'''
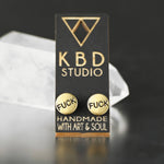 Embrace your rebellious side with these edgy brass stud earrings featuring a bold 'Fuck' design. Crafted from blackened and hand-polished brass for a sleek finish, these earrings offer a covert yet cheeky statement perfect for those up-close moments of playful revelation. Made with surgical steel posts, they're hypoallergenic and comfortable to wear. Whether you're looking to express your individuality or surprise someone with a sassy gift, these 8mm studs combine style, humor, and attitude. Materials: Brass Charm/ Brass Plated Gold, Surgical Steel Posts.
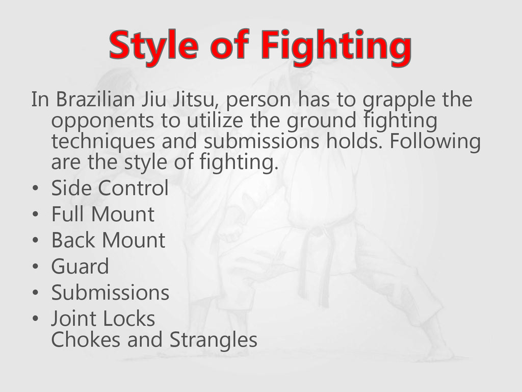 to utilize the ground fighting techniques and submissions holds. Following are the style of fighting. • Side Control • Full Mount • Back Mount • Guard • Submissions • Joint Locks Chokes and Strangles
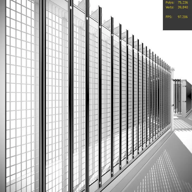 Wrought iron gate and fence material configured.Modern Architecture Fancing GatePolys: 75236 Vertx: 39840 FPS: 96206Formats: 3DS Max 2013, FBX, OBJ, Corona Render,V-rayThe file gate is not satched in one mesh,it will be possible to use them somehow.
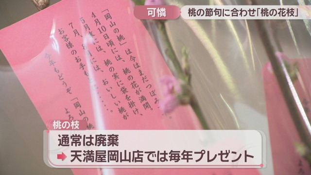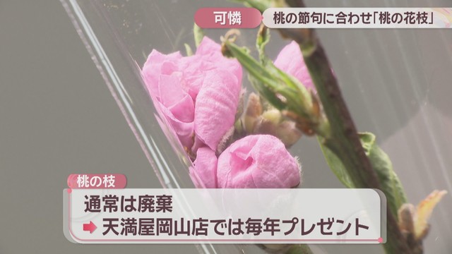 桃の実を育てるのには不要で普段は捨てられる枝ですが、天満屋岡山店では桃の節句に合わせて毎年、来店客にプレゼントしています。
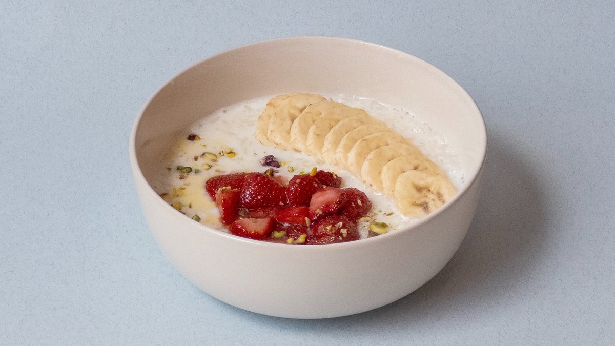 Рисовая каша, банан, клубничный фламбэ, фисташки
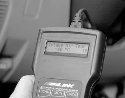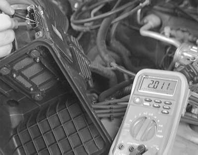 | Fig. 6: Measure the intake air temperature sensor resistance while heating it with a hair drier |
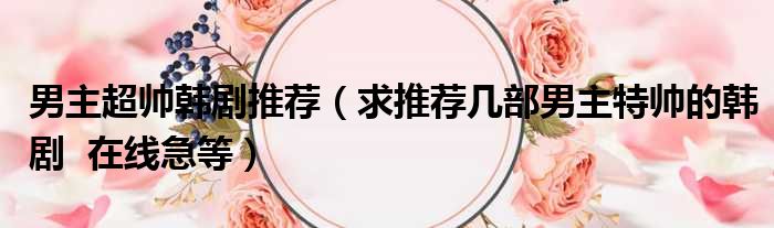 导读 大家好,小东方来为大家解答以上的问题。男主超帅韩剧推荐,求推荐几部男主特帅的韩剧 在线急等这个很多人还不知道,现在让我们一起来看看
'''
PROBLEM =>
The lines to copy run from the one with "hair drier |" through the end of the material. Write them out exactly, leaving out the pictures.

TASK ANSWER =>
 | Fig. 6: Measure the intake air temperature sensor resistance while heating it with a hair drier |
 导读 大家好,小东方来为大家解答以上的问题。男主超帅韩剧推荐,求推荐几部男主特帅的韩剧 在线急等这个很多人还不知道,现在让我们一起来看看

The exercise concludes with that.